It would be interesting to test it. This would be easy -- just measure pool temperature, the hose outlet temperature, and the flow rate (by timing how long it takes to fill a 5 gallon bucket). This would be a neat experiment to do with the kids.
You can calculate the pool temperature rise from the three measurments above by:

Heat Gain for Day from the hose 
= (HoseFlow)(collection time)(Temp Rise through hose)(Specific heat water)

and,

Pool Temperature rise due to hose
= (Heat Gain for day)/((Weight of pool water)(Specific heat water))

So, for example, if Tpool = 60F, Thoseout = 65F, HoseFlow = 1 gal/min = 8 lb/min

then,
Heat gain for Day (from the sun heated hose) 
= (8 lb/min)(60 min/hr)(6 hrs) (5F rise)( 1 BTU/lb-F) = 14,500 BTU/day

Pool Temperature Rise 
= (14,500 BTU)/((4200*8.2 lbs)(1 BTU/lb-F) ) = 0.4 F rise per for a sunny day

It would also be interesting to see if it makes much of any difference if you distribute the hose on the roof vs laying it out on the ground. It might work a little better on the roof by picking up some heat from the roof surface.

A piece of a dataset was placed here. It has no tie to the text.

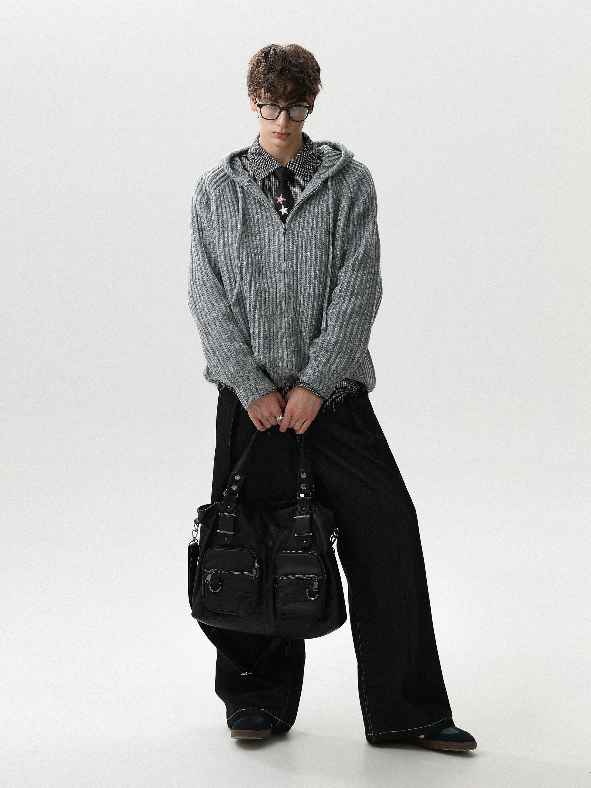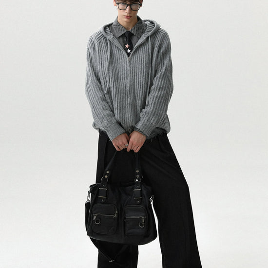 RT No. 50205 DARK GRAY KNITWEAR ZIPPER HOODIE

The pool cover would be key to making sure you don't lose this overnight.

Gary
www.BuildItSolar.com








Gary
www.BuildItSolar.com


----------



## JAK (Oct 15, 2005)

Depending on the roof though the roof might capture some heat and tranfer it to the hose. That might double its effective area, but perhaps not much better than that. Still, 25-30 sqft is getting up there. Cools your roof also. Great idea for an experiment, especially with kids. Anything that involves water, a bucket, and a stopwatch has to be a great idea for an experiment.


----------



## WisJim (Jan 14, 2004)

Latest issue of Home Power magazine has an article about pool heating.


----------



## ericjeeper (Feb 25, 2006)

you never have to mow around it when it is placed on the roof.plus does not work the pump very hard as it pumps it up then the water pulls itself back down from the roof..


----------



## JAK (Oct 15, 2005)

Would think this 2" ribbed PVC might work very well.

200' x 2" / 12 = 33.3 ft2
200' x 3.14 in2 / 144 = 4.36 ft3 = 34 US.gallons
$312 for 200' = ouch! ???

http://www.pondtechnology.com/pages/hoseandpipe.html


----------



## highlands (Jul 18, 2004)

Kevingr said:


> I have a small pool for the kids in the back yard and would like to experiment with some solar to heat it.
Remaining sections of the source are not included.